A motor boat whose speed is 18 km/h in still water takes 1 hour more to go 24 km upstream than to return downstream to the same spot. Find the speed of the stream.
Class 10 Chapter 4 Example 15
Solution:

Let the speed of the stream be x km//h.
Therefore, the speed of the boat upstream = (18 – x) km//h and the speed of the boat
downstream = (18 + x) km//h.

The time taken to go upstream = text(distance)/text(speed) = (24)/(18-x) hours.

Similarly, the time taken to go downstream  = (24)/(18+x) hours.

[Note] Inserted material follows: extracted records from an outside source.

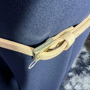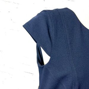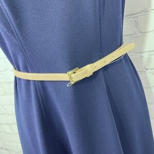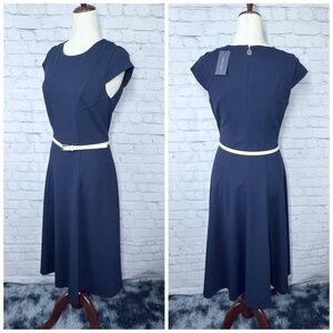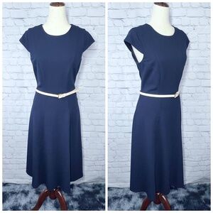 Brand new with tags. A pretty navy sheath dress with a touch of fit and flare. Cap sleeves. Tan belted. Size 10. Approximate measurements in inches when laid flat: shoulders 14 across, chest 17.5 across pit to pit, waist 15.5 across, full length 45. 1 lb. 5 oz.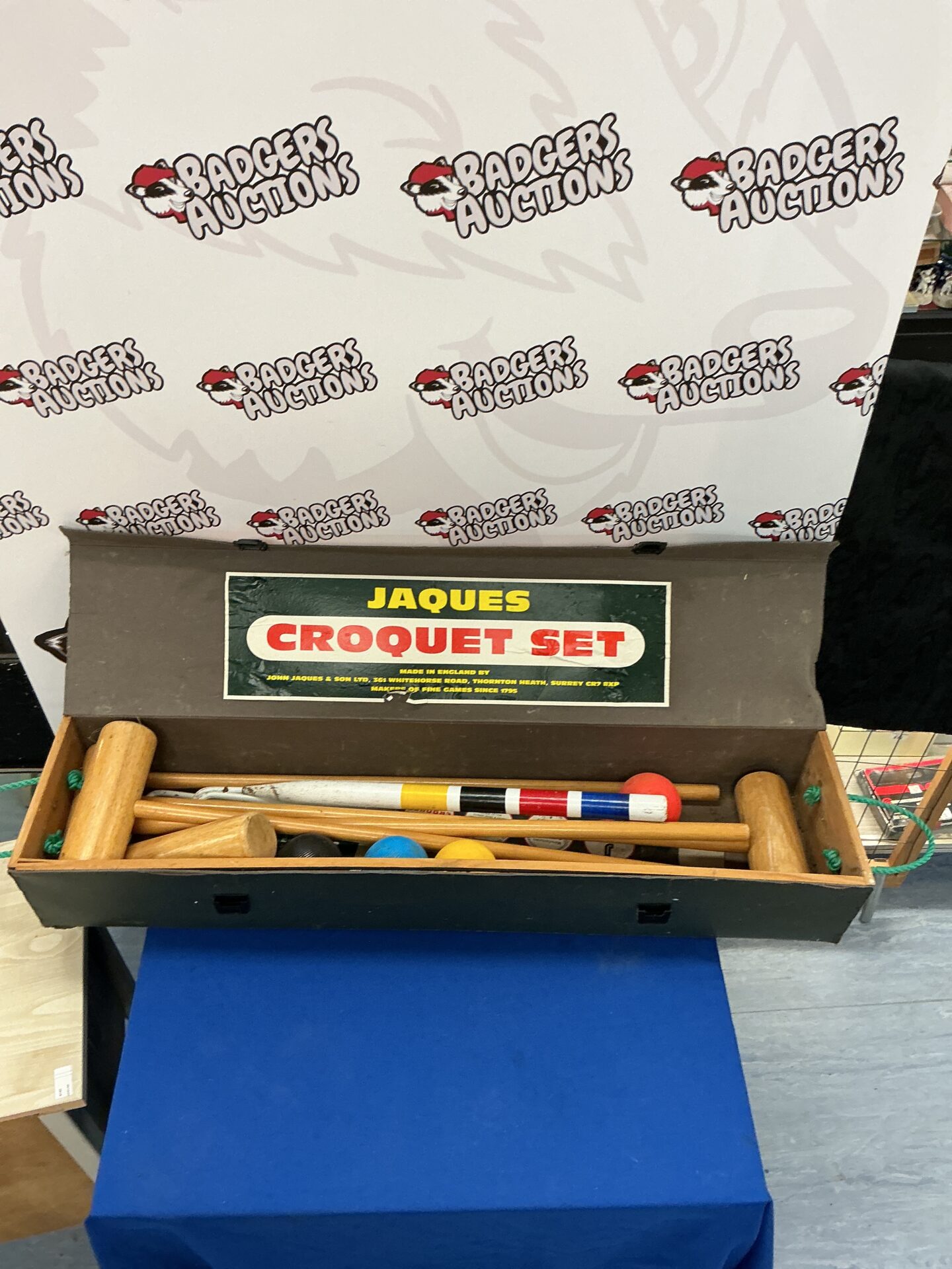 This Jaqueline Croquet Set is a complete vintage garden game, perfect for family fun. Contained within a sturdy box, the set includes mallets, balls, hoops, and stakes for hours of outdoor entertainment. A charming addition to any garden or a delightful collectible for enthusiasts.
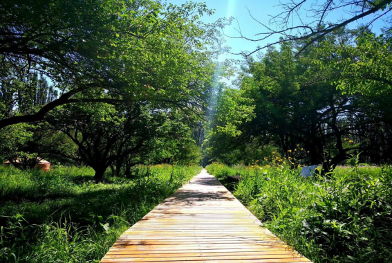 “百杏生态园”是依托坎久干村杏园内上百棵树龄近百年的古杏树和依山而立的高原自然生态风光,结合当地经济社会发展情况和人文环境特征,富有柯尔克孜特色的集“赏、吃、住、行、游、购、娱”为一体的“百杏生态园”乡村旅游目的地。景区内八座毡房牧家乐充分展现了柯尔克孜族民俗和文化,从羊毛毡子到刺绣,再到里面陈设的柯尔克孜族服饰,整个毡房就像一座柯尔克孜族民俗文化展示馆。此外,园内还建成了扶贫创业中心——阳光生态餐饮中心、建设了停车场、婚礼广场、儿童游乐场和大型音乐喷泉,完善的服务吸引了大量游客到这里来举办婚宴、亲朋好友聚餐及各类户外活动。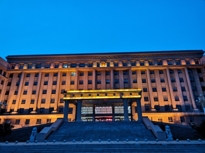 餐后漫步,酒店对面的大楼庄严肃穆灯光辉煌,原来是伊春市政府大楼。大楼是开放式的,没有大门,也没有门卫站岗,楼前广场可供人们休闲散步。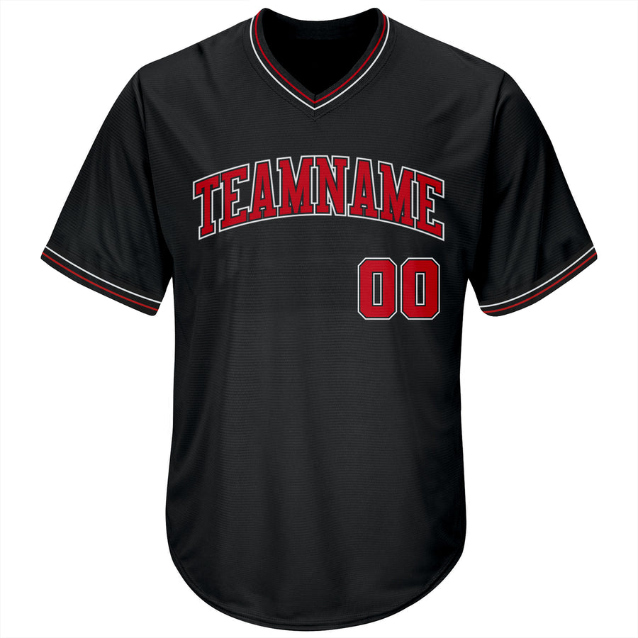 Custom Black Red-White Bomber Full-Snap Varsity Letterman Two Tone Jacket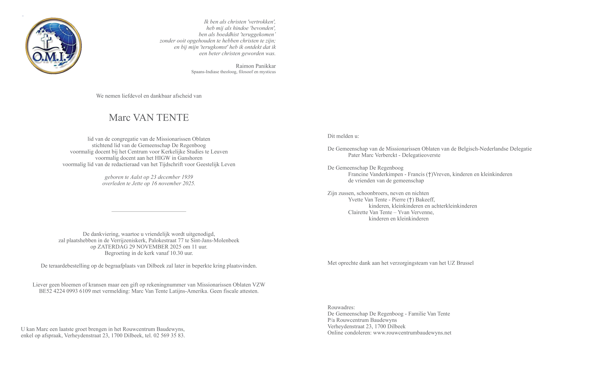 Décédé à Jette (1090) le dimanche 16 novembre 2025 à l'âge de 85 ans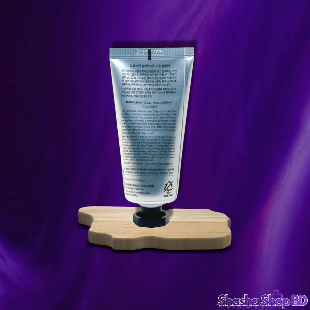✨ আপনার হাতের ত্বককে মখমলের মতো কোমল এবং তরুণ রাখতে আজই Shasha Shop BD থেকে অর্ডার করুন ১০০% অরিজিনাল Dabo Skin Relief Hand Cream – Collagen (75ml)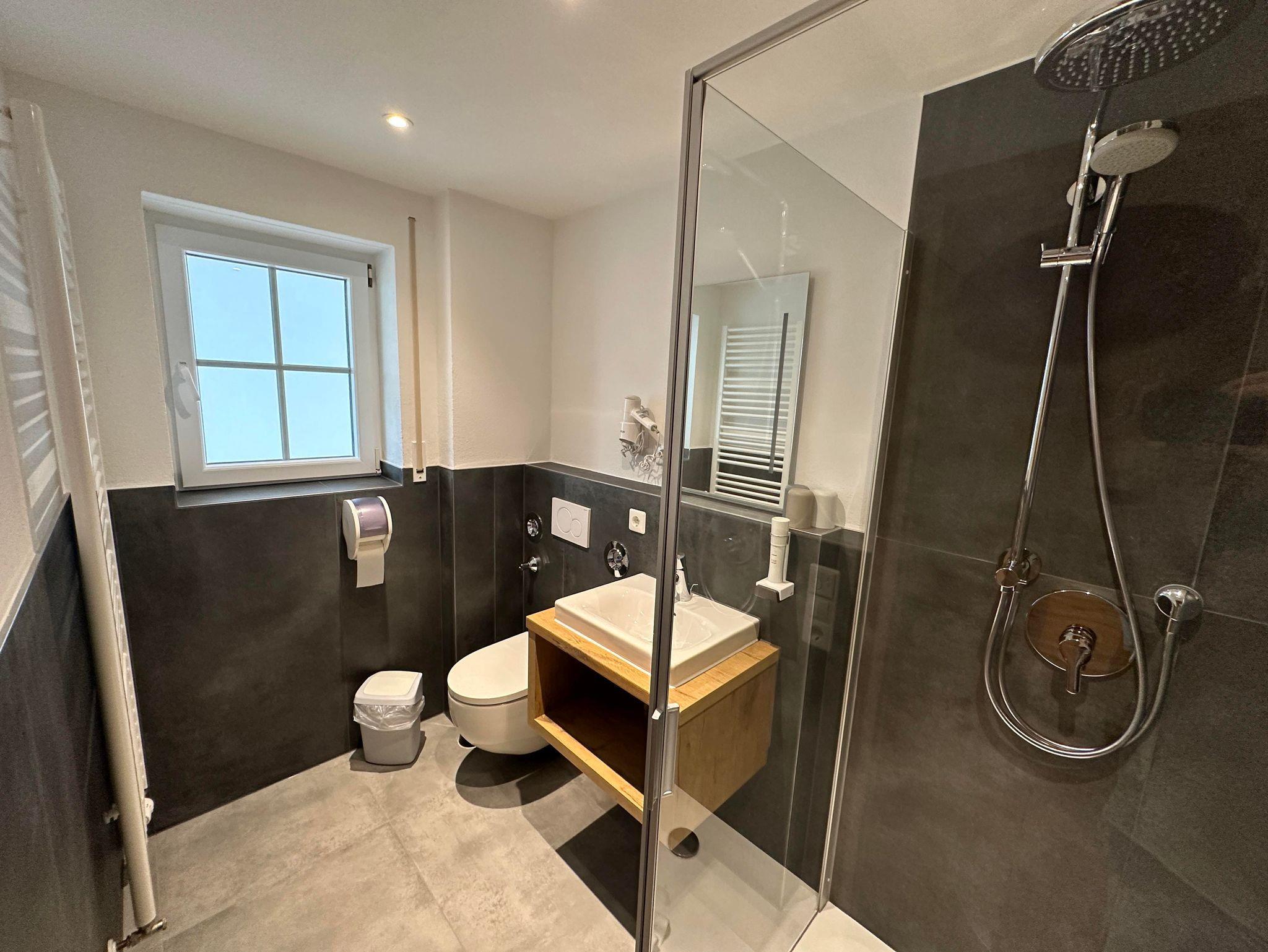 Ruhiges Doppelzimmer mit Dusche und WC, Radio, TV, Tisch, Erdgeschoss.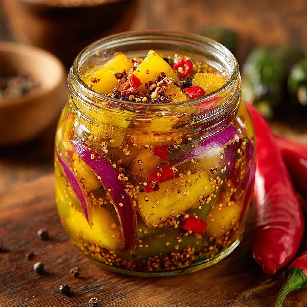 This Spicy Pickled Mango and Red Onion recipe is designed to be the ultimate “Anti-Soggy” solution for your pantry. We’ve balanced the natural, honey-like sweetness of the mango with the sharp, pungent snap of red onion and a creeping heat from fresh chilies. It’s a vibrant, crunchy powerhouse that brings a bright acidity to any meal without turning into a jar of fruit jam.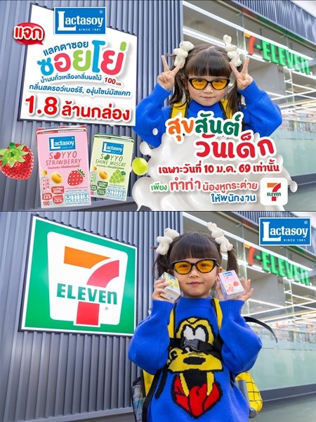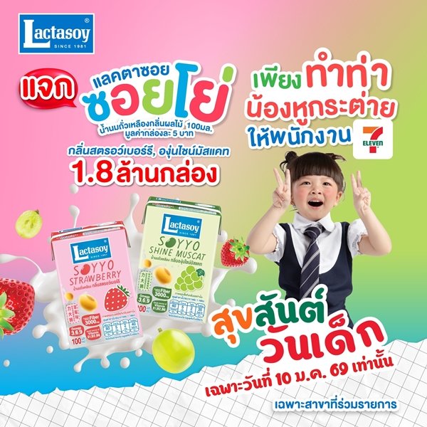 สุขสันต์วันเด็ก แลคตาซอย ใจดี แจกใหญ่ แจกจริง! ส่งความสุขให้เด็กไทยในวันเสาร์ที่ 10 มกราคม 2569 นี้ กับแคมเปญสุดพิเศษมอบ “แลคตาซอย ซอยโย่” นมถั่วเหลืองผสมกลิ่นผลไม้ สตรอว์เบอร์รี่ หวานละมุน และองุ่นไซมัสแคท หอมชื่นใจ ขนาด 100 ml. จำนวน 1,800,000 กล่อง ที่ 7-Eleven เพียงแค่น้องๆ หนูๆ ทำท่า “น้องหูกระต่าย” ชูสองนิ้วไว้ที่หูสองข้างให้พี่พนักงานที่เคาน์เตอร์ดู ก็รับแลคตาซอย ซอยโย่ ฟรีๆ กันไปเลย อย่ารอช้านะ ใกล้ 7-Eleven สาขาไหน รีบพุ่งตัวไปรับความอร่อยและสุขภาพดีกันได้เลย เฉพาะสาขาที่ร่วมรายการ สินค้ามีจำนวนจำกัด 1คน / 1 กล่อง เท่านั้น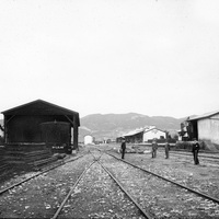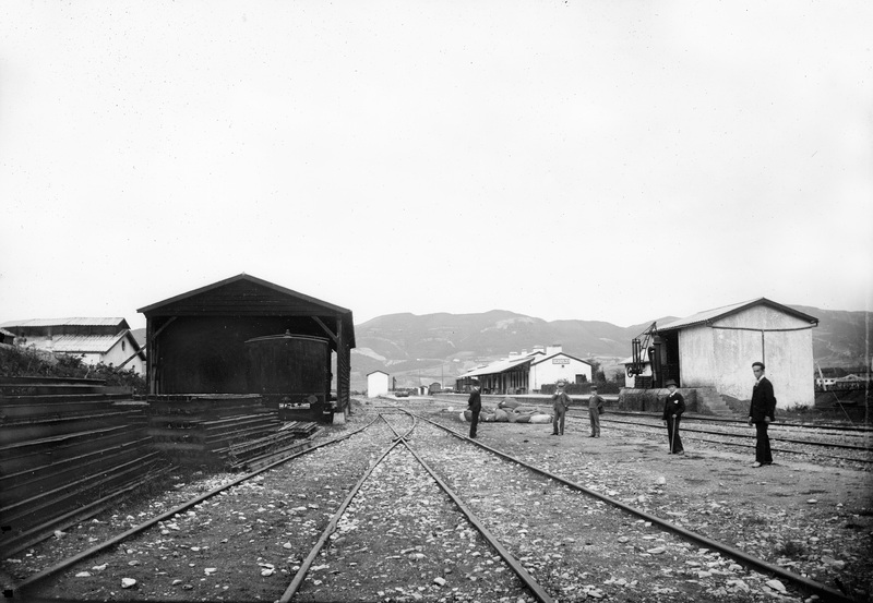 1880 - 1895 Vista general del entorno de la estación de ferrocarril a su paso por Orduña, segun conta en cartela de una de las construcciones de la derecha. Esta infraestructura ferroviaria para conectar Bilbao con la meseta vía Miranda de Ebro fue inaugurada en 1863.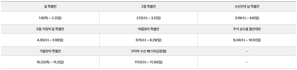• 연중 상시 캠페인 : 매달 다른 수산물과 이벤트 중심으로 판촉전이 진행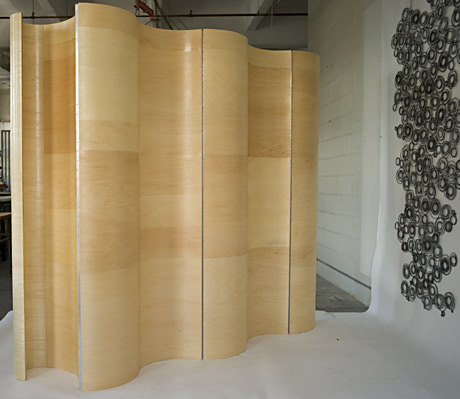 This folding wall is 9.5' long and 7' high. Installed on gliders, it folds completely into a 2' by 2' closet and serves as an expandable architectural partition/room divider for a Manhattan apartment.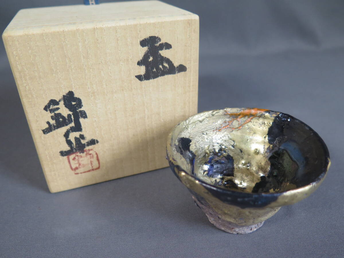 - 【真作保証】中村錦平(中村梅山 長男)「盃」金彩★ぐい呑 酒器 陶芸家 東京焼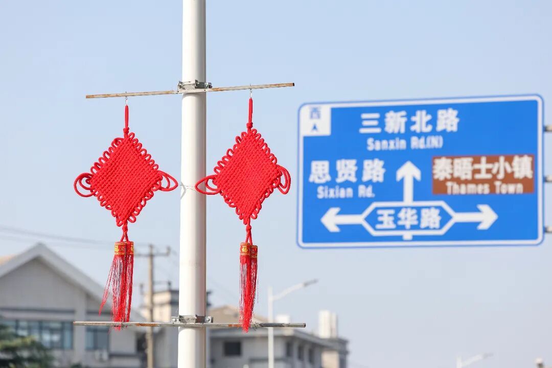 据方松街道相关负责人介绍,目前街道已在泰晤士小镇,以及三新北路、北翠路、江学路、滨湖路桥面等区域,统一布置中国结、红灯笼500余组。一抹抹中国红铺展在街头巷尾,串联起街道与社区,也唤起人们对新一年的期待。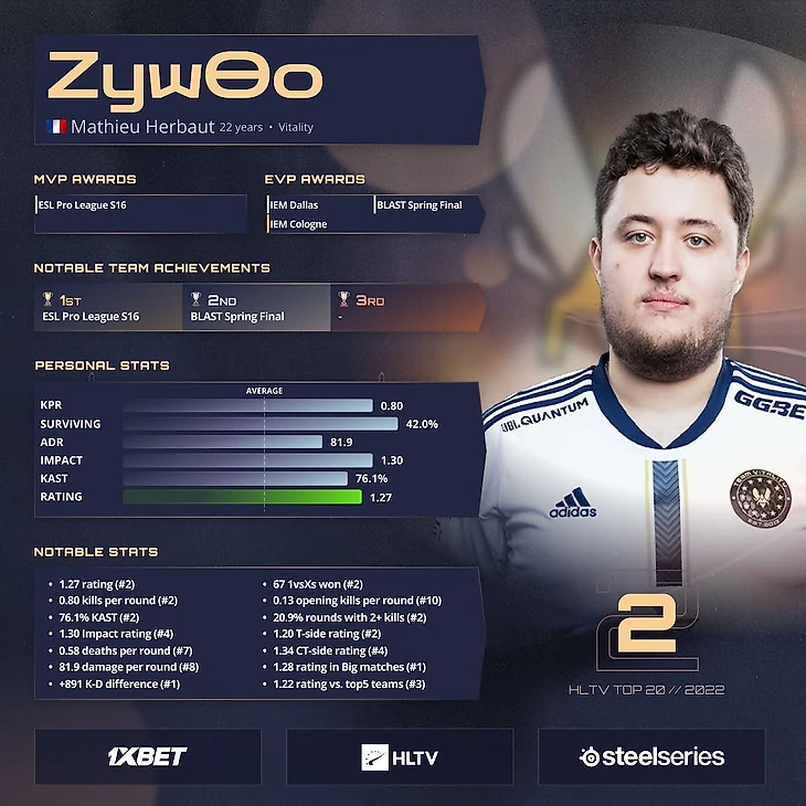 В прошлом году француз также расположился на второй строчке в рейтинге. Вместе с командой Эрбо выиграл ESL Pro League Season 16 и занял 2-е место на BLAST Premier: Spring Finals 2022.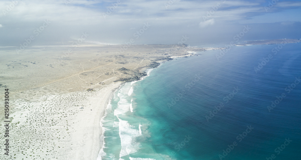 Punta de Choros at Atacama Desert amazing wild beaches. An aerial view of the Pacific Ocean crashing the land at Atacama sands, Chile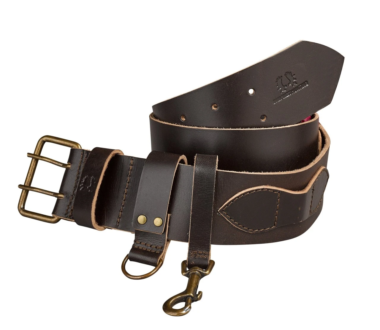 Nordforest Huntings eftersøgningsbælte er lavet af robust, slidstærkt læder og har et dobbelt metalspænde, som er seks cm bredt. Praktisk tilbehør, som nøgler, handsker og meget mere, kan let fastgøres i de to forskydelige læderstropper, en med karabinhage og en med D-ring. Patronetui og førstehjælpssæt med matchende bæltestropper, der kan sættes fast i læderbæltet. Man kan sætte en karabinhage mere i læderstropperne i siden, hvor man kan hænge hundesnoren, eller en rem til at trække og hente vildtet med. Nordforest-logoet er stilfuldt præget.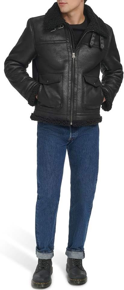 Chaqueta de Cuero Sintético Vintage para Hombre, Talla Grande, Corte Ajustado, Negra, Tejida, Transpirable, con Botones Delanteros con Logotipo, Ligera, con Cuello Camisero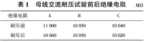交流耐壓試驗值為出廠的80%,即 76 kV,耐壓時刻為1 min,耐壓進程中無擊穿、閃絡和反常動靜,試驗前后絕緣電阻見表1。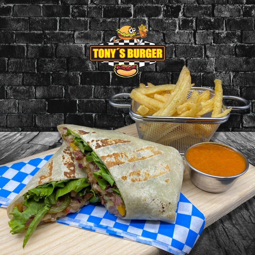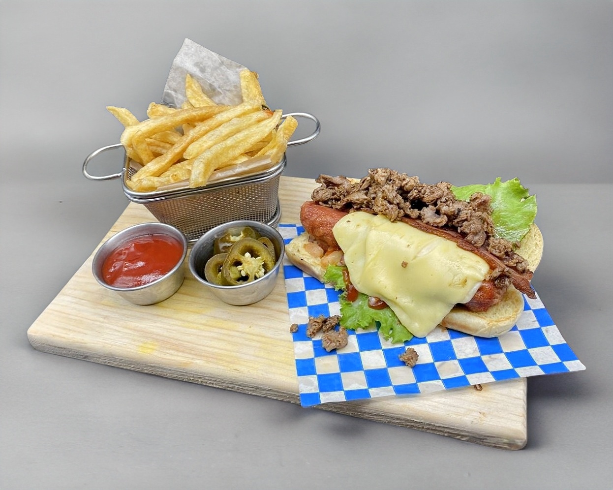 Salchicha de pavo, tocino, queso manchego, queso oaxaca,bistec, jitomate, lechuga y cebolla.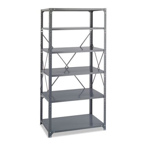 Durable box beam design. Double-sided compression clips support loads up to 750 lbs. per shelf (evenly distributed). Shelves lock in place but can be easily repositioned in 1" increments. Post kits included with each shelf pack. Color: Dark Gray; Overall Width: 36"; Overall Depth: 24"; Overall Height: 75".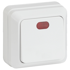 Выключатель одноклавишный Intro 2-102-01 Quadro (10 А, IP20) открытой установки, с подсветкой, белый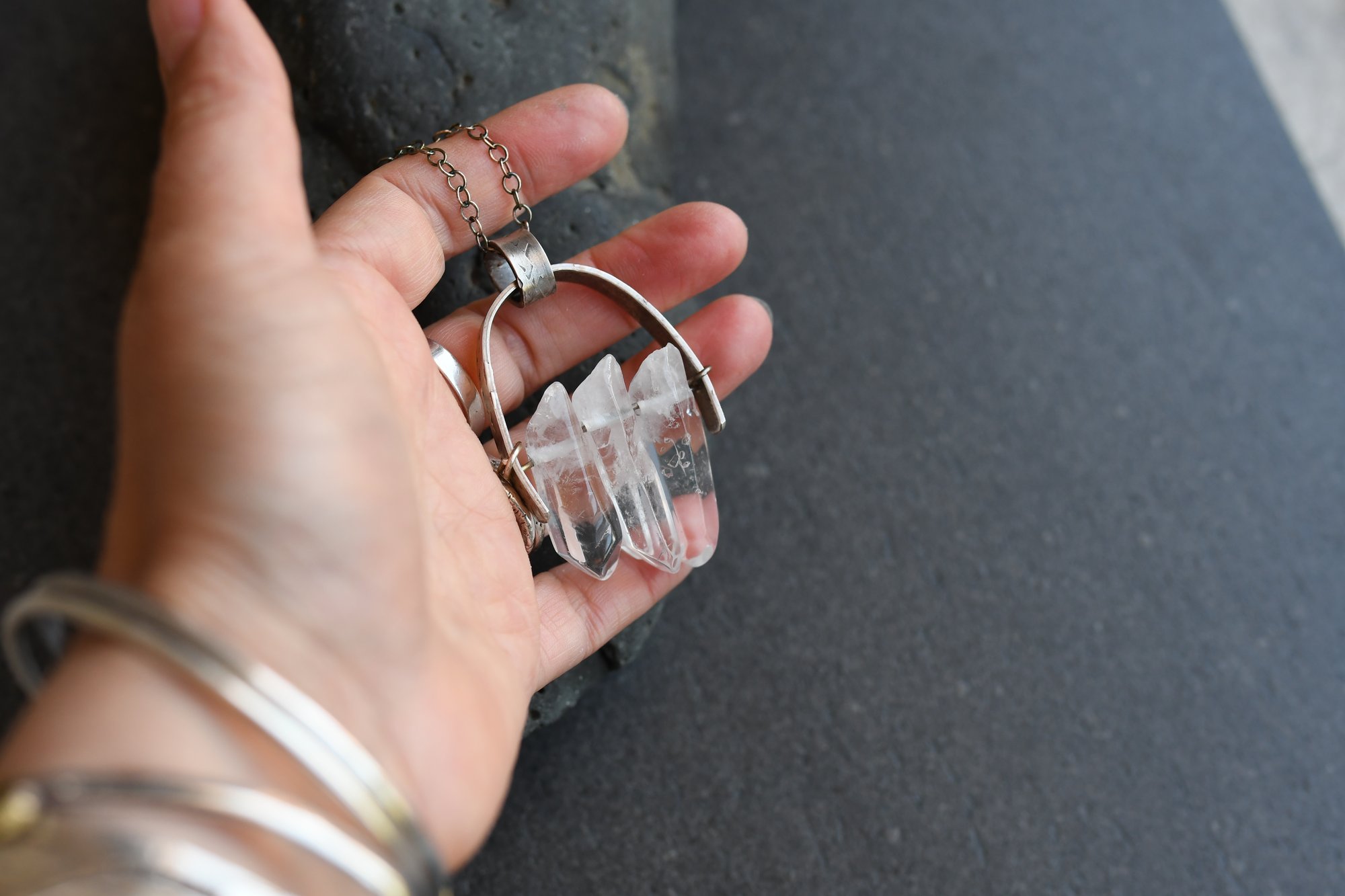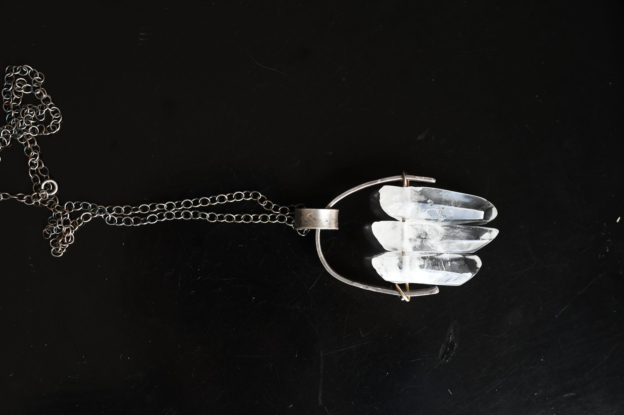 These three clear quartz crystal points are centred in this silver necklace to amplify energy and create a focused clarity. Clear quartz is the master healer and cleanser of unwanted energies.

According to the question, 24/(18-x) - 24/(18+x) = 1

i.e., 24(18 + x) – 24(18 – x) = (18 – x) (18 + x)
i.e., x^2 + 48x – 324 = 0
Using the quadratic formula, we get

x = (-48 pm sqrt(48^2+1296))/2 = (-48 pm sqrt(3600))/2

 = (-48 pm 60)/2 = 6 or -54

Since x is the speed of the stream, it cannot be negative. So, we ignore the root
x = – 54. Therefore, x = 6 gives the speed of the stream as 6 km//h.